For offline verification, bazel run //core/communicator:simple_numa_topology_tool -- <config> prints a discovery summary line to stderr containing lldp_source, lldp_records, nvlink_source, nvlink_gpus, nvlink_edges, and per-source degrade reasons when fallback is taken. The repository ships lldp-info.txt and nvlink-snapshot.txt for repeatable local checks.

RDMA Environment Variables

These are optional and only affect RDMA device selection. Runtime parameters still live in the unified config file.

TENSORCAST_IB_HCA

Specifies InfiniBand HCA device names to use for RDMA. Multiple values are comma-separated. Any = characters in the value are stripped.

export TENSORCAST_IB_HCA="mlx5_bond0"
export TENSORCAST_IB_HCA="mlx5_bond0,mlx5_bond1"

If unset, TensorCast auto-discovers available devices.

TENSORCAST_LLDP_FILE_NAME

Path to an LLDP-style mapping file for rail ID selection in multi-rail configurations.

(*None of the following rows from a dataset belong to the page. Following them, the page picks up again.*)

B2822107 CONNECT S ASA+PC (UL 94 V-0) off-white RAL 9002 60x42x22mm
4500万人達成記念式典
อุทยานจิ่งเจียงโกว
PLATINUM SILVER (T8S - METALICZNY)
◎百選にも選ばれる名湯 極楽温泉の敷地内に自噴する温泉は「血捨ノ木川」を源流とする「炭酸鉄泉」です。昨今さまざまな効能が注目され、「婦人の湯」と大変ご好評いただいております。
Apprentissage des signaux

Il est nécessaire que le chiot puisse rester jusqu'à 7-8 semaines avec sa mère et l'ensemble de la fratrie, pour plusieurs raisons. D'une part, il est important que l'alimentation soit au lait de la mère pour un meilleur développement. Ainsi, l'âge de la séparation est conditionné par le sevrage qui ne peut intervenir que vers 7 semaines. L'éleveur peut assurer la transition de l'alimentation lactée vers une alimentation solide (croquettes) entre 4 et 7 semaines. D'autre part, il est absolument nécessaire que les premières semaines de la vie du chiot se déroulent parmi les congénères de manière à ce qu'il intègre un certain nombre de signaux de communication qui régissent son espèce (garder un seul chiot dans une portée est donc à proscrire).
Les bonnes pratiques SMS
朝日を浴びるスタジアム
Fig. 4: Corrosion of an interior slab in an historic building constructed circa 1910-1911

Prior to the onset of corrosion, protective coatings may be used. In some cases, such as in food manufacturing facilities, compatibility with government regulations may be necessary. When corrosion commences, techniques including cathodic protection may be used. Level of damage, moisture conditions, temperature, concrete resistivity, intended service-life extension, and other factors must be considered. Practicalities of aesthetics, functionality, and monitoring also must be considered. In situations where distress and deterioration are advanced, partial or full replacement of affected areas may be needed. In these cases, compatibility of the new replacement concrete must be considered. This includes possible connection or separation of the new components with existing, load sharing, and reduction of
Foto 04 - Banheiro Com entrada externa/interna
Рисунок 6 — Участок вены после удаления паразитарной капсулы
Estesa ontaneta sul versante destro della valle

Each non-comment line maps a network interface to PCI path, mlx5 device name, and rail ID.

eth1=0000:19:00.0,mlx5_bond100,1
export TENSORCAST_LLDP_FILE_NAME="/path/to/lldp_config.txt"

Lines starting with # and blank lines are ignored. If unset, rail IDs are derived from the mlx5 device name (for example mlx5_0 -> rail 0).

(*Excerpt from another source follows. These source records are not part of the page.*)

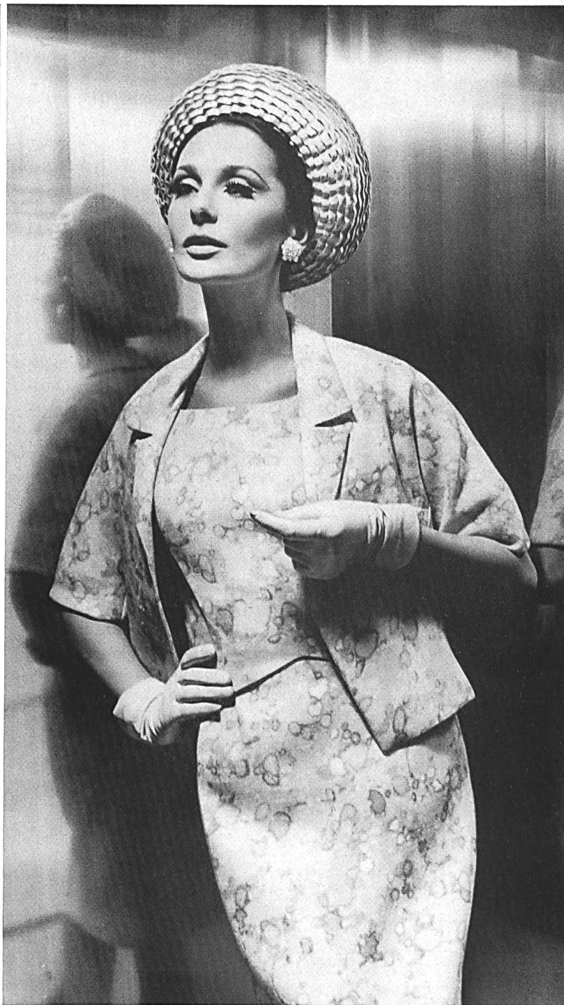
HEER & CIE S.A., THALWIL Fresco shantung imprimé (printed / estampado / bedrukt) Modèle Willy Meyer S.A., Zurich
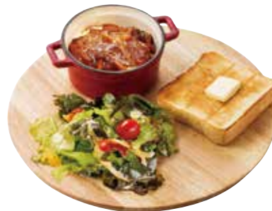
煮込みデミグラス ハンバーグ

芯まで柔らかくした 玉ねぎをまるごと使った、 素材の旨味を出した4種の チーズがとろける グラタン風スープです。
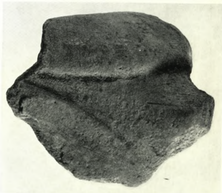
Κινητὰ εὐρήματα ἐκ τοῦ Ἱεροῦ τῆς Ἀφροδίτης Ἐρυκίνης. Ἄνω: χαλκαῖ περόναι. Κάτω: Πήλινον εἰδώλιον περιστερᾶς (ἀποκεκρομένον).
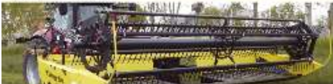
FALCHEUSE ANDAINEUSE HONEY BEE de 4 à 12 m
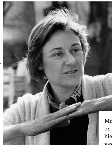
ISABEL MUNDRY. PHOTO: UTE SCHEDEL, BASEL (2004)
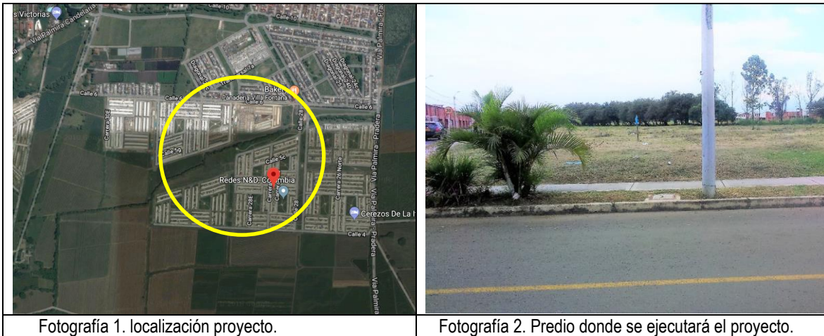
Fotografía 1. localización proyecto.

La ejecución de la infraestructura objeto de la presente convocatoria se llevará a cabo en el lote identificado bajo la Matrícula Inmobiliaria No. 378-209455 de la Oficina de instrumentos Públicos de Palmira, con área disponible de 4.235,119 m 2 aproximadamente propiedad del municipio de Palmira.
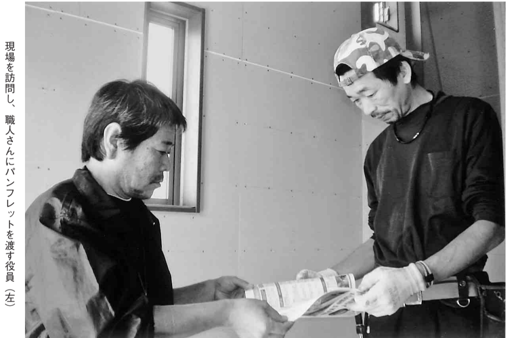
現場を訪問し、職人さんにパンフレットを渡す役員(左)

This variable is a legacy fallback used by NetDev rail detection. For topology discovery, prefer typed config: communicator.topology_discovery.lldp.file_path.

Deprecation schedule: - 2026-03-04: legacy compatibility only (typed config is primary). - 2026-06-30: removed from new deployment examples except compatibility notes. - 2026-10-31: CI/integration should use typed config path only. - 2026-12-31 (target): fallback removal from NetDev.

Launch Example (Unified Config)

bazel-bin/daemon/tensorcast_daemon --config=examples/config/store_daemon_config.yaml

Metrics Exposure (Unified)

  • The daemon no longer serves metrics directly. Use the central observability pipeline for tc_* metrics:
# Metrics HTTP sidecar has been removed. Use central observability pipeline.

Metrics include, e.g.: - tc_memory_pool_bytes{location=cpu|gpu,device_id?,memory_type=total|free} - tc_p2p_bytes_total

Note: The HTTP metrics sidecar is no longer spawned by the CLI.